Het rapport van R.J.A. van Helvoirt, GZ-psycholoog en H.S. Roelfsema, arts-assistent in
opleiding tot psychiater, onder supervisie van A.E. Grochowska, psychiater, allen
verbonden aan het NIFP, locatie Pieter Baan Centrum, d.d. 30 oktober 2018. In dit rapport is
onder meer het volgende weergegeven:
Uit verschillende vertaalde verslagen van behandelingen bij het Psychiatrisch
Consultatiebureau voor Kinderen en jeugdigen in [plaatsnaam 2] (Rb. [land] ) komt naar voren dat
betrokkene vanaf de kleuterleeftijd in zorg was vanwege stoornissen in zijn ontwikkeling.
Betrokkene was vanaf 2003 in dagbehandeling in het plaatselijke ziekenhuis en werd in
2005 opnieuw opgenomen. Als diagnose werd “ernstige emotionele stoornissen en
gedragsstoornissen” alsmede ADHD gesteld. Agressie was al vanaf de kindertijd aanwezig.
In verschillende rapporten van de Raad voor de Kinderbescherming uit 2011 en 2012 werd
verwezen naar een diagnostisch onderzoek uit 2008, uitgevoerd in [land] . Er zou toentertijd
een reactieve hechtingsstoornis van het geremde type en ouder-kind relatieproblematiek
zijn geclassificeerd. Dit is een stoornis voortkomend uit vroegkinderlijke verwaarlozing.
In die periode was bij betrokkene sprake van agressie die hij onvoldoende onder controle
had. Daarnaast was er sprake van emotionele problemen in de vorm van angsten, een laag
zelfbeeld en weinig vertrouwen in anderen. Hij had moeite met sociale situaties en was
prikkelbaar en had depressieve symptomen.

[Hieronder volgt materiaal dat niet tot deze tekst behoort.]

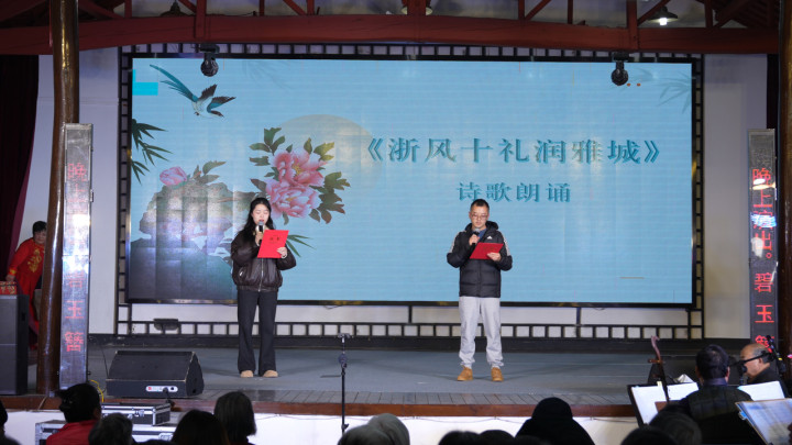 在“新风·文明礼赞”的篇章二活动中,专为雅城村创作的诗歌朗诵《浙风十礼润雅城》将“敬党爱国、亲邻互助、守信重诺”等“浙风十礼”核心内涵,与雅城村文明倡导相融合,以诗歌形式,让文明理念在平凡朴实的话语中传递;太公堂村选送的太极十三式《我的祖国》以刚柔相济、行云流水的演绎,展现出传统文化中蕴藏的和谐文明与家国情怀;“‘元旦书屋暖书香护苗行’新年雅趣知识竞答”环节则以版权保护、文明上网等生活化话题,吸引村民踊跃抢答,在寓教于乐的互动中进一步凝聚了护助青少年成长、共建清朗文化空间的广泛共识。

Betrokkene werd in 2012 onderzocht door een orthopedagoog en een
gezondheidspsycholoog voor persoonlijkheidsdiagnostiek in het kader van advisering voor
toekomstige hulpverlening. Hij was op dat moment 16 jaar oud en verbleef in een open
leefgroep van BJ Brabant. De reactieve hechtingsstoornis op vroege leeftijd werd opnieuw
bevestigd en een chronische posttraumatische stressstoornis geclassificeerd. Met betrekking
tot persoonlijkheidsproblematiek werd een bedreigde persoonlijkheidsontwikkeling (een
gestoorde persoonlijkheidsontwikkeling waarbij de onderzochte nog te jong is om van een
persoonlijkheidsstoornis te spreken) met schizoïde trekken genoemd.

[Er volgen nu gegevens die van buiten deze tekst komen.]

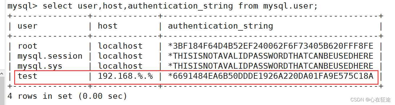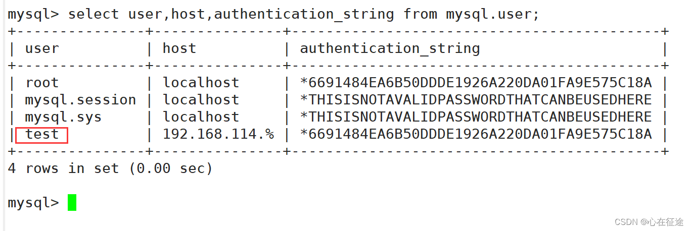 现在的用户名是test。查看:select user,host,authentication_string from mysql.user;

Zijn empathisch vermogen was volgens onderzoekers ondermaats ontwikkeld, waardoor de
emotionele gewetenscomponent niet geïnternaliseerd was. De onderzoekers zagen met name
risico op het schenden van normen en waarden vanuit impulsiviteit, prikkelbaarheid en
reactieve ingehouden agressie.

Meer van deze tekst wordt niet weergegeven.